I was wrong, Medicare for All does not ban private insurance

12/05/2019 12:50:00 PM

A major theme in the first Democratic primary debate was whether the candidates support abolishing private insurance. Sanders, Harris, Warren, and De Blasio each raised their hands when the question was asked: "Many people watching at home have health insurance through their employer. Who here would abolish their private health insurance in favor of a government-run plan?"

Abolishing private insurance is a little different than banning private insurance though. A plan that gives everyone a public insurance plan could "abolish" private insurance by causing people to opt not to buy it, without it being illegal to do so. However, Warren, Sanders, Harris and many other members of the Senate are cosponsors of a Medicare for All bill that says

it shall be unlawful for a private health insurer to sell health insurance coverage that duplicates the benefits provided under this Act.

Harris tried to walk back her answer by saying she misheard the question and doesn't actually support banning private insurance, which left many commentators wondering whether her statements were consistent with the bill she cosponsored.

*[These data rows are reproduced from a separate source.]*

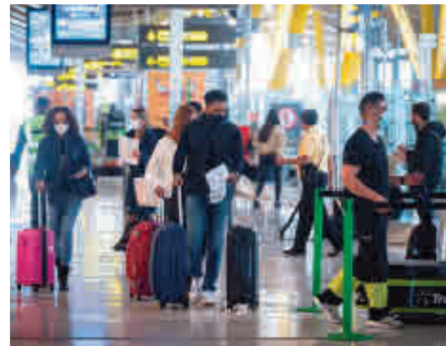
Aeropuerto de Barajas

La presidenta madrileña insistió en que "para ser más eficientes y, sobre todo, para proteger a los ciudadanos de cara al verano esto es importante que se estudie". Respecto a los plazos, espera que se ponga en marcha nada más formarse la Asamblea.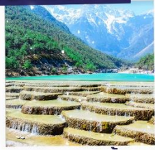
ทะเลสาบธารน้ำขาว รวมรถแบดเจอร์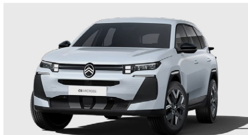
BIELA OKENITE (M)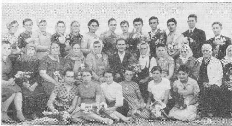
Новые члены, принятые в первую Алма-Атинскую общину в 1967 году

Никогда не будем забывать, что все окружающие нас люди должны видеть в нас свет Христов, благоухание Христово, письмо Христово.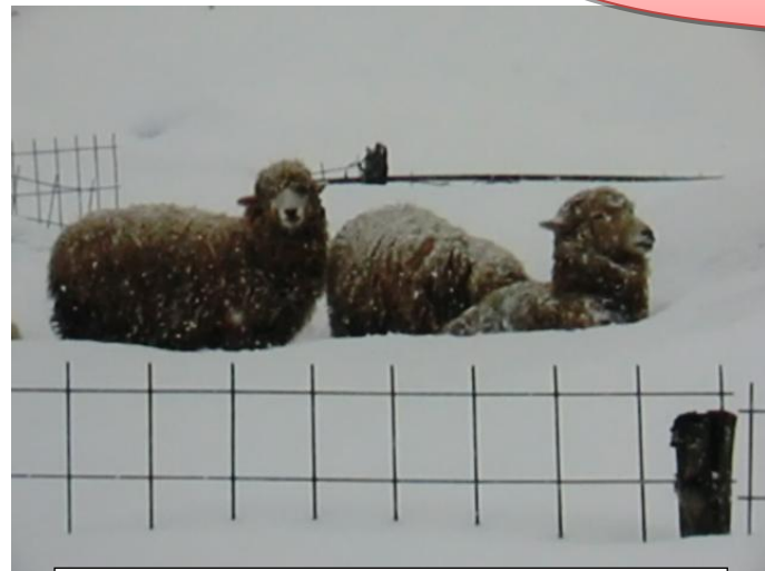
雪の中の羊たち。

新年あけましておめでとうございます。昨年十月は市議会選挙、続いて十二月は衆議院選挙と連続し、皆様には何かとご協力いただき感謝しています。ありがとうございます。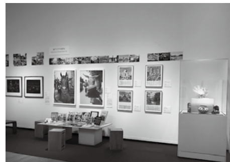
福岡アジア美術館「福岡アジア美術館 開館20周年記念展 アジア美術、100年の旅」。南アジアの街角コーナー

九州の美術館を見ていて感じるのは、人々と美術館との心理的な距離の近さだ。その関係性の中で生まれる様々な活動をこの場で全て紹介できないのは残念である。この誌面が発行される時コロナ禍から抜け出ているのかはわからないが、収束したときには、再び人々と美術館をつなぐ、しかも新しい活動が生まれていることと確信する。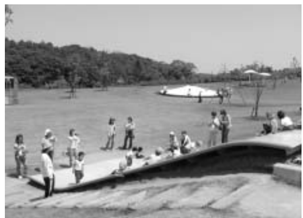
トリムパークかなづ

本県における都市公園整備状況は、平成18年3月末現在、13市町（9市4町）において開設数660か所、面積1,081.38haとなっています。都市計画区域内人口一人当たりの面積は、14.65㎡（全国平均9.1㎡）であり、全国7位の整備水準です。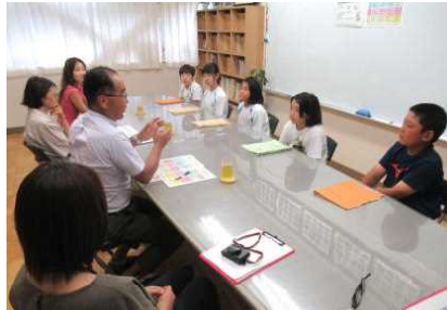
委員さんからアドバイスやエールをいただきました。

学校たちも情報交換会を行いました。3名の子どもの発表も大変楽しかったです。委員さんたちとの交流も大変楽しかったです。委員さんたちとの交流も大変楽しかったです。委員さんたちとの交流も大変楽しかったです。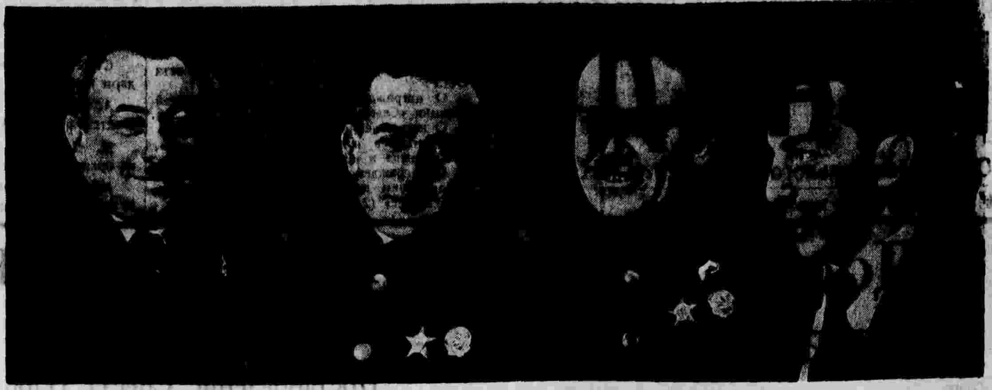
Герои Советского Союза: И. Д. Панинин, П. П. Шаршов, Э. Т. Крешнев и Е. К. Федоров.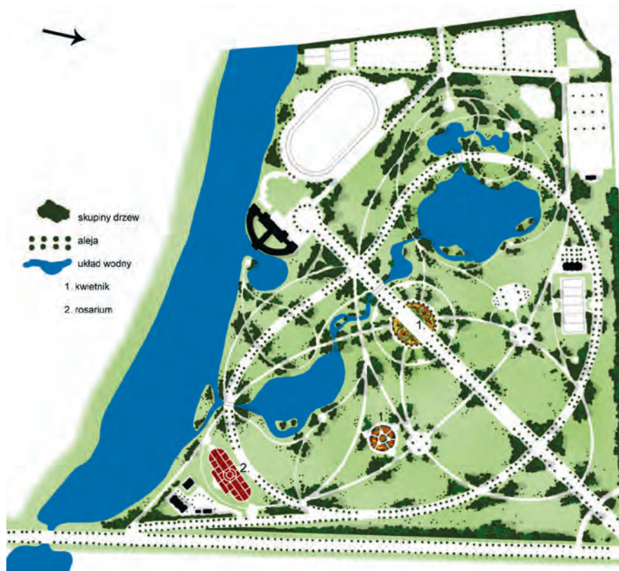
Ryc. II. 123. Park Skaryszewski w Warszawie – plan (M.R.)

Ogrody miejskie, powstające w drugiej połowie XIX wieku, w większości projektowano jako obwodnicowe. Doskonałym przykładem swobodnego układu są parki miejskie w Tarnowie, Wieliczce, park Jordana w Krakowie, park Sienkiewicza w Łodzi, parki Ujazdowski i Skaryszewski w Warszawie (ryc. II. 123., II. 124).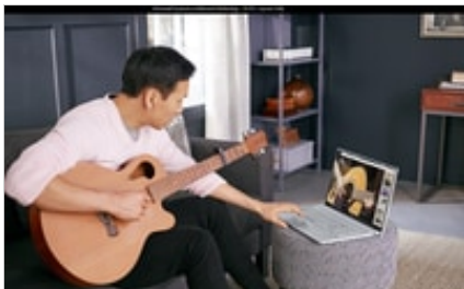
19C1 - HP ENVY 17-inch Laptop PC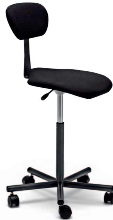
Stuhl Mod. T 6005, Lift Polster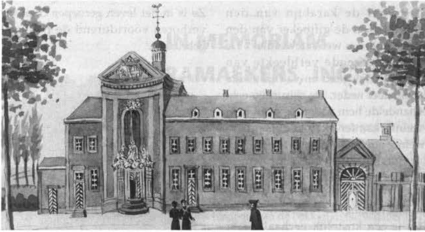
Het achttiende eeuwse Capucijnenklooster te Wittem, sinds 1836 bewoond door de paters Redemptoristen

ven den armen P.P. Capucijnen ten Wittem als geschenk toe. Zouden de Bokkenrijders dus niet met regt als voorgangers van de Democraten en Communisten onzer eeuw kunnen beschouwd worden.'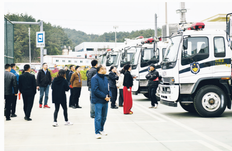
各界代表在公众开放日活动现场参观。

本报讯 3月27日，贵安新区公安局举行公众开放日活动，辖区企业、学校、社区等各界代表受邀参加，零距离感受公安工作成效，共商平安贵安建设之策。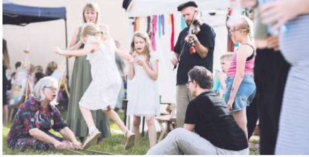
Zabawy przy muzyce.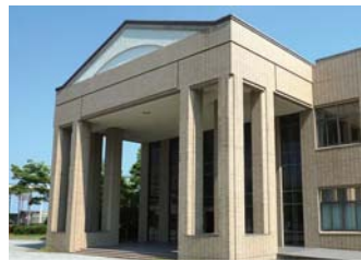
メディアセンター (図書館)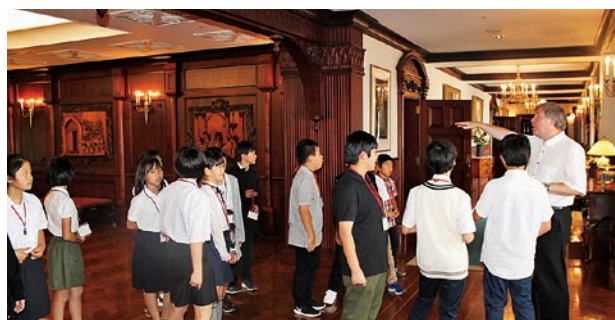
マナーハウス内を見学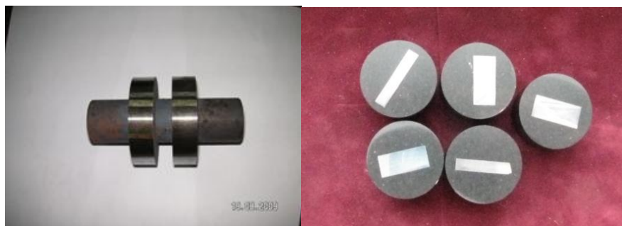
а б Рис. 1 – Образец для ИА и ЦЭЭЛ (а); шлифы (б).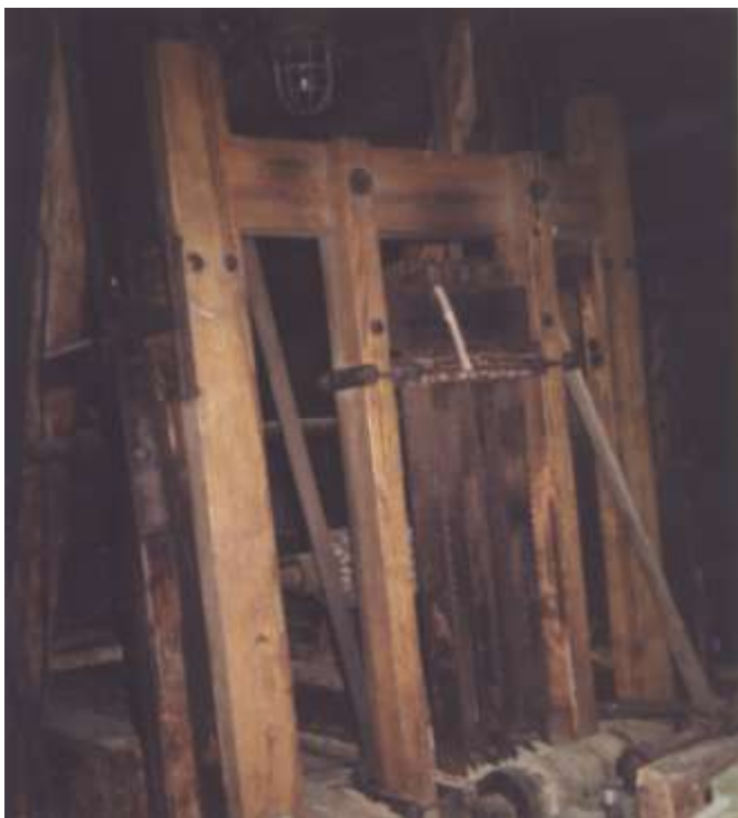
Stejskalův mlýn – pila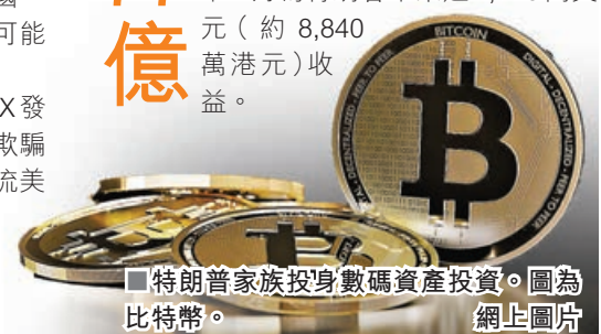
■特朗普家族投身數碼資產投資。圖為比特幣。

彭博社指出, 在去年9月即美國總統選舉開始前不久, 特朗普家族宣布推出加密幣計劃「世界自由金融」(WLF), 該項目自成立以來一直購買以太幣、波場幣等加密幣, 特朗普家族控制的一間公司擁有WLF的60%股權, 文件顯示與特朗普有關的公司可獲得淨收入75%。在上月完成第二輪代幣銷售後, WLF已在代幣銷售中籌集5.5億美元 (約42.6億港元)。另外, 在特朗普1月正式就任總統前數天, 他和妻子梅拉尼婭又先後推出個人迷因幣。迷因幣1月為特朗普帶來逾1,140萬美元 (約8,840萬港元) 收益。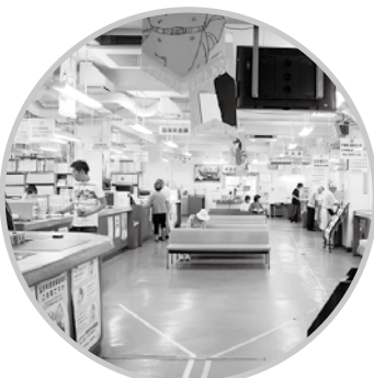
現在の市民課窓口の様子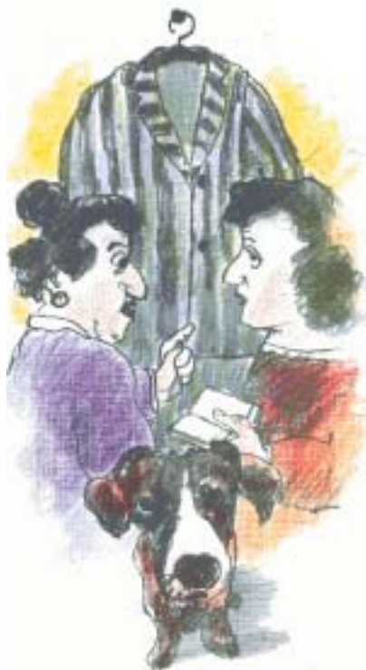
Kresby Antonín Sládek.

Otevře dveře do jejího pokoje. Frici klepe svým krysím ocasem o podlahu a koulí očima. Vezmu z věšáku šňůru, dám jí ko-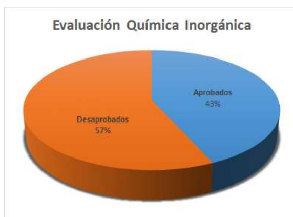
Fig. 5, Alumnos que rindieron el primer parcial de la asignatura (Año 2018)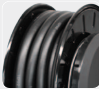
14 m hose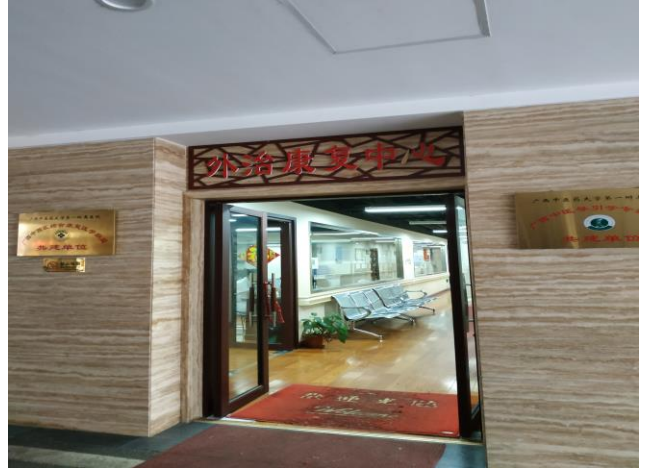
项目一楼外治康复中心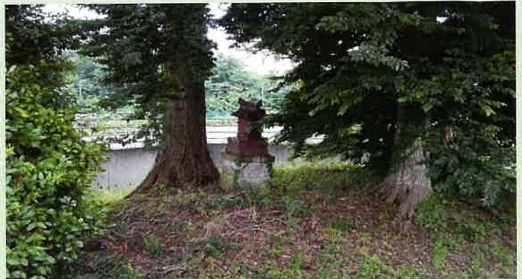
桜山古墳群内 鷺塚古墳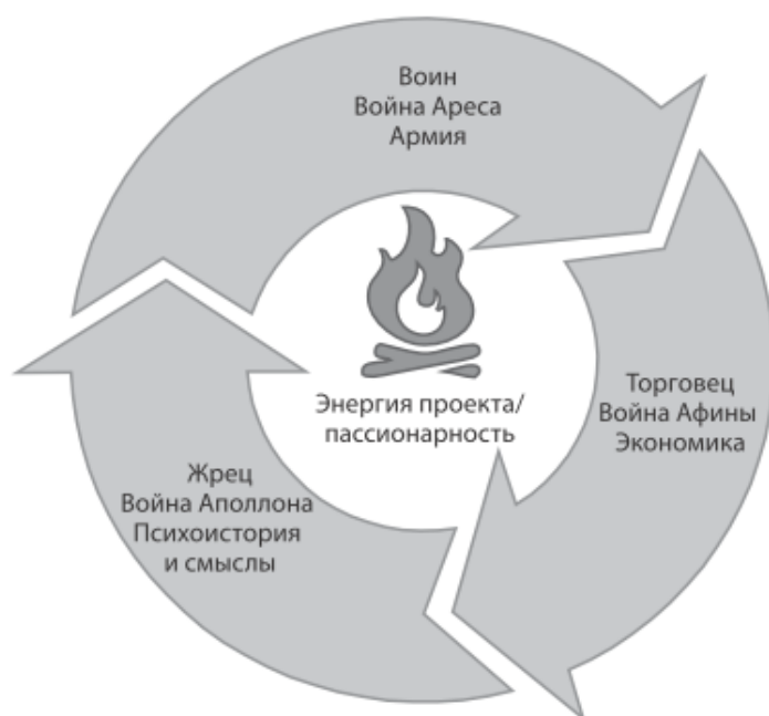
Рис. : Модель геостратегического актора [2]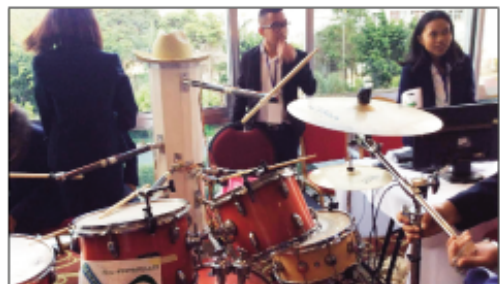
Anisan'ny zava-bitan'ny mpianatra ny ISPM naseho tetsy amin'ny Hotel Carlton Ampefiloha.

Nifanaretsaka tamin'ny habetsahan'ny mpitsidika ny teny amin'ny Hotel Carlton Anosy tao anatin'ny roa andro, ny Talata 31 Jolay sy ny Alarobia 01 Aogositra. Nahasrika olona maro ny velatseho(Salon) nokarakarain'ny Institut Supérieur Polytechnique de Madagascar - ISPM - eny Ambatomaro Antsobolo, izay nampirantiana ireo voka-pikarohana vitany amin'ny mpianatra ao amin'ny tamin'ireo tranoeva niasa hatrany amin'ny 200 mahery. Nahavariana sy nahaliana ireo vokatry na teo amin'ny lafiny mekanika, elektromekanika, ny informatika, fikarohana sakafo isan-karazany solombary na solon-kena, ny voankazo azo nahodina ho karazan-tsakafo maro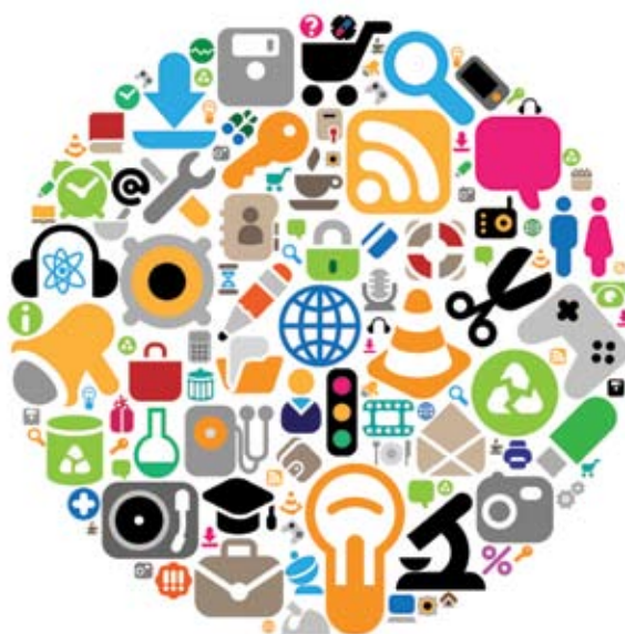
CLH får henvendelser om mange forskellige problemstillinger på handicapområdet.

De mange henvendelser, CLH får om fleksjob og job med løntilskud til førtidspensionister, giver samtidig vigtige informationer om reglernes svagheder, og hvilke spørgsmål det er vigtigt vores pjecer om ordningerne skal kunne besvare. De mange spørgsmål og den systematiske opsamling af disse spørgsmål er en vigtig forklaring på den store succes, de to pjecer om fleksjob og job med løntilskud til førtidspensionister har fået.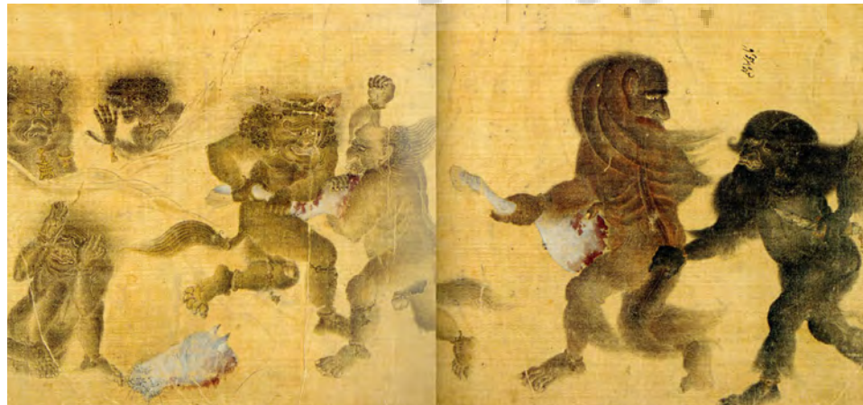
تصویر ۱۱- نزاع دیوها بر سر لاشه اسب، ۲۰×۴۹/۶ سانتیمتر، آلبوم ۲۱۵۳، کاخ موزه توپقایی استانبول.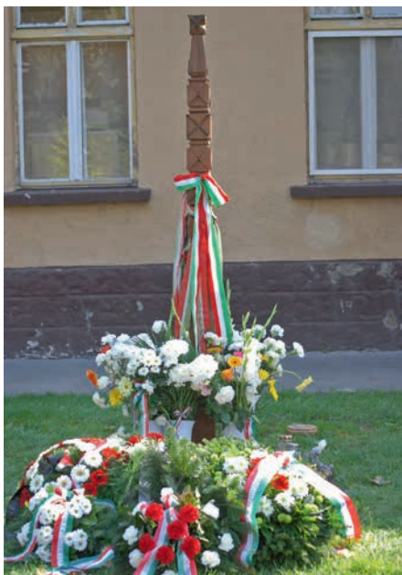
Az aradi vértanúk tiszteletére emelt kopjafa a Kossuth Lajos utcában

A 19. század elejétől népünk számos vívmányt elért a Habsburg Birodalmon belüli jogait illetően. A reformkor időszaka alatt hivatalossá vált a magyar nyelv, elindult a magyar nyelvű sajtóélet, elkezdődött a feudalizmus felszámolása, a polgári Magyarország alapjainak megteremtése. A folyamat végét a független Magyar Királyság megteremtése jelentette volna – ez, de legalábbis a Béctől való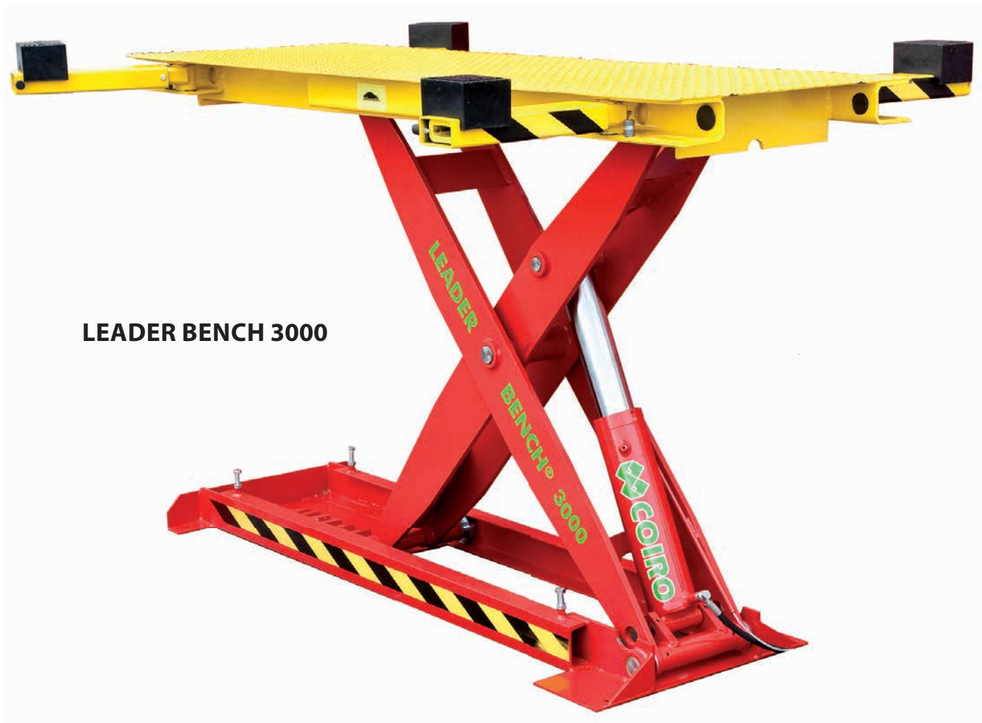
LEADER BENCH 3000

The idea that Medicare for All makes private insurance illegal (for everything covered under the public plan) has become conventional wisdom among wonks.

Charles Gaba:

Jon Walker:

It is also meant to aggressively focus on equality by denying everyone, except the rich who can afford concierge medicine, a way to pay for faster treatments by banning duplicate insurance.

Dylan Scott:

Under the Medicare for All bill written by Sen. Bernie Sanders (I-VT), every American would be moved into a government health plan within a few years. Private insurance effectively would be banned from covering most major medical care.

Ezra Klien:

This is evident in the text of Sanders’s bill, which doesn’t actually abolish private insurance. It outlaws “health insurance coverage that duplicates the benefits provided under this Act.” If the proposed benefits contracted during the legislative process, it would open more room for private insurers to enter the system.

Benjy Sarlin:

Physicians for a National Health Program erroneously believes that current-law Medicare also bans private coverage:

The NHP would, like Medicare, ban private insurance that duplicates the public coverage to forestall the emergence of a two‐tiered health care system, in which insurers would compete by lobbying to underfund the public part of the system.

Jonathan Cohn:

And even among candidates themselves. Here's what Warren's website says right now about Sanders's bill:

Senator Sanders’s Medicare for All Act allows for supplemental private insurance to cover services that are not duplicative of the coverage in Medicare for All

That's what I thought until it was pointed out that the current Medicare statute actually has a version of this non-duplication clause:

It is unlawful for a person to sell or issue to an individual entitled to benefits under part A or enrolled under part B of this title...a health insurance policy with knowledge tht the policy duplicates health benefits to which the individual is otherwise entitled under this title.

The phrasing is a little different but it's basically the same as the clause in Sanders's bill.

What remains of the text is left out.